MATERIALS PROVIDED:
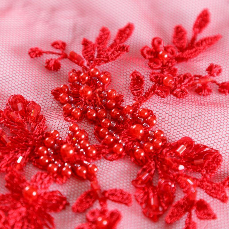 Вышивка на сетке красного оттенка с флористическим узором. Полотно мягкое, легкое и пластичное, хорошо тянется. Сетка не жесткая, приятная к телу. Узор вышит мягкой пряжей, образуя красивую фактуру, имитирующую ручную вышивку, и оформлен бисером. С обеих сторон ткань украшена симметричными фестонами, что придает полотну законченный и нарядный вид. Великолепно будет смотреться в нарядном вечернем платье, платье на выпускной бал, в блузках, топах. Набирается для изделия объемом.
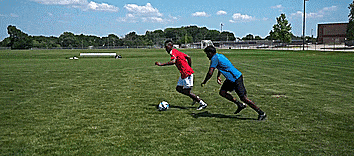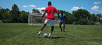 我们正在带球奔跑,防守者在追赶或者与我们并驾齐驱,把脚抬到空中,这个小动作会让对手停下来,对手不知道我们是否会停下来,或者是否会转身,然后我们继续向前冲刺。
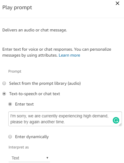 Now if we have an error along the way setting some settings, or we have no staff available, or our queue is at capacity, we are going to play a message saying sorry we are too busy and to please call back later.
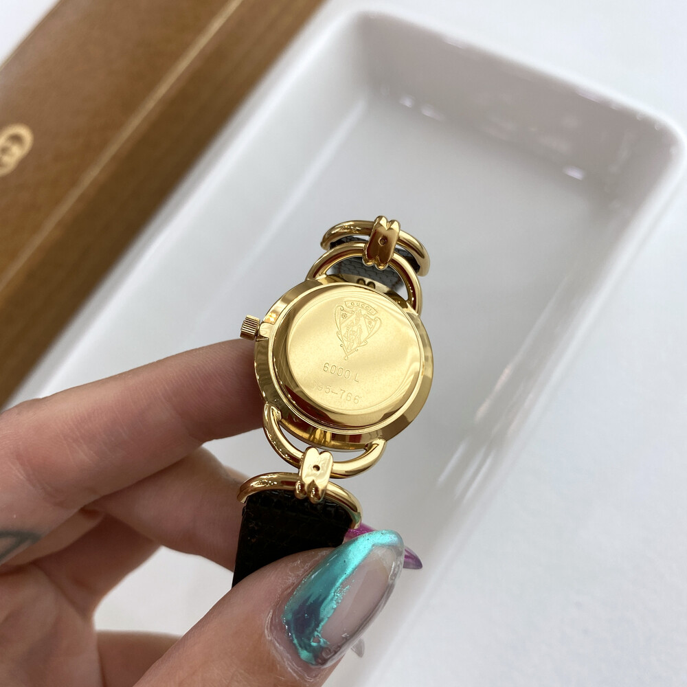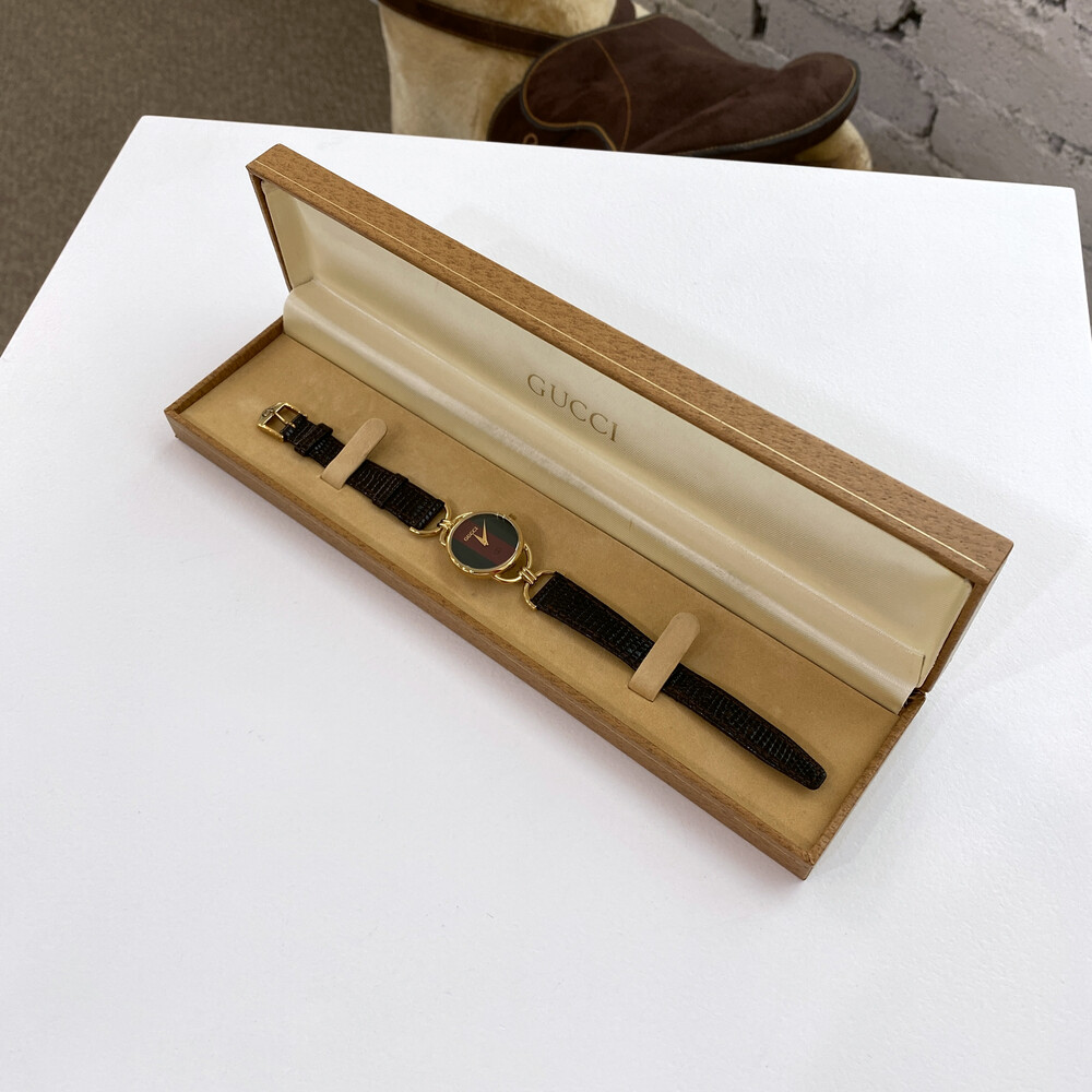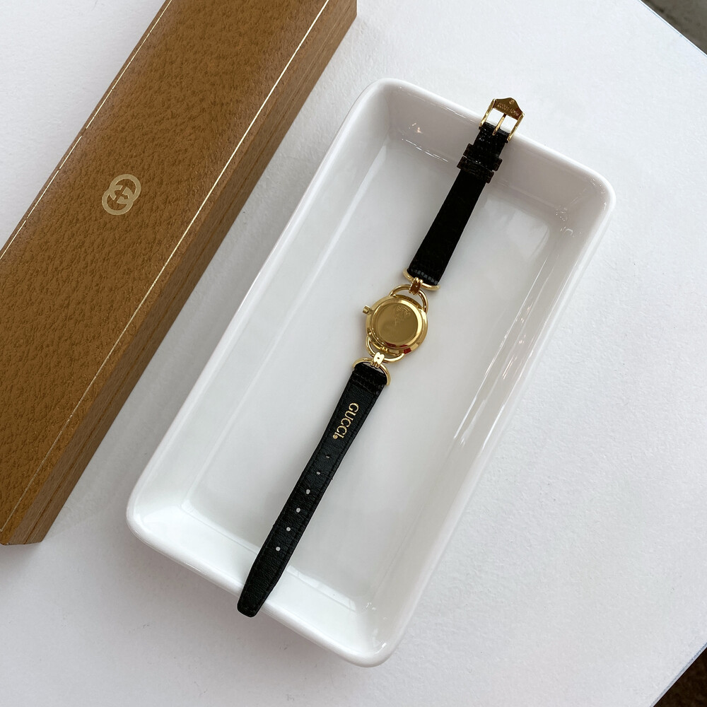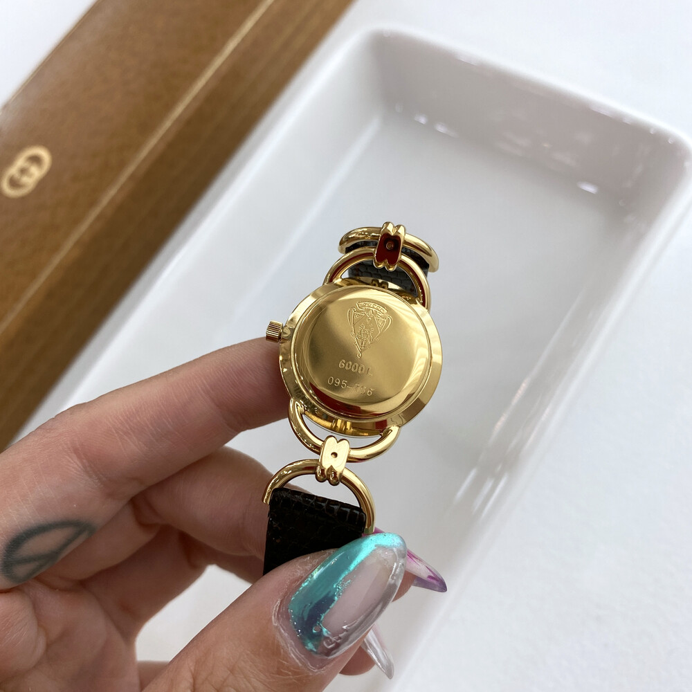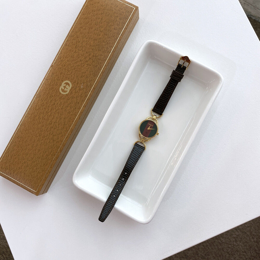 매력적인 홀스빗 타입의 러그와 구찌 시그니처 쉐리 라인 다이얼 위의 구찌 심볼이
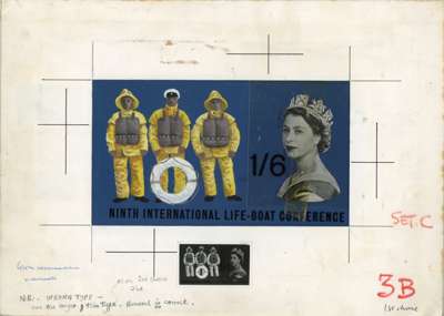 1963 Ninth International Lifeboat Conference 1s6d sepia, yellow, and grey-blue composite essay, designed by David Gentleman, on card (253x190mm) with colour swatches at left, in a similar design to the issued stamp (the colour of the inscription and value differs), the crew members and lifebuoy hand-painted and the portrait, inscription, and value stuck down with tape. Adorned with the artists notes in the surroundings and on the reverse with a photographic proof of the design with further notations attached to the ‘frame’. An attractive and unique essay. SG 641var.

YOUR GOAL: Set the records down again precisely, skipping every image.

THE COMPLETED TASK:
 Вышивка на сетке красного оттенка с флористическим узором. Полотно мягкое, легкое и пластичное, хорошо тянется. Сетка не жесткая, приятная к телу. Узор вышит мягкой пряжей, образуя красивую фактуру, имитирующую ручную вышивку, и оформлен бисером. С обеих сторон ткань украшена симметричными фестонами, что придает полотну законченный и нарядный вид. Великолепно будет смотреться в нарядном вечернем платье, платье на выпускной бал, в блузках, топах. Набирается для изделия объемом.
 我们正在带球奔跑,防守者在追赶或者与我们并驾齐驱,把脚抬到空中,这个小动作会让对手停下来,对手不知道我们是否会停下来,或者是否会转身,然后我们继续向前冲刺。
 Now if we have an error along the way setting some settings, or we have no staff available, or our queue is at capacity, we are going to play a message saying sorry we are too busy and to please call back later.
 매력적인 홀스빗 타입의 러그와 구찌 시그니처 쉐리 라인 다이얼 위의 구찌 심볼이
 1963 Ninth International Lifeboat Conference 1s6d sepia, yellow, and grey-blue composite essay, designed by David Gentleman, on card (253x190mm) with colour swatches at left, in a similar design to the issued stamp (the colour of the inscription and value differs), the crew members and lifebuoy hand-painted and the portrait, inscription, and value stuck down with tape. Adorned with the artists notes in the surroundings and on the reverse with a photographic proof of the design with further notations attached to the ‘frame’. An attractive and unique essay. SG 641var.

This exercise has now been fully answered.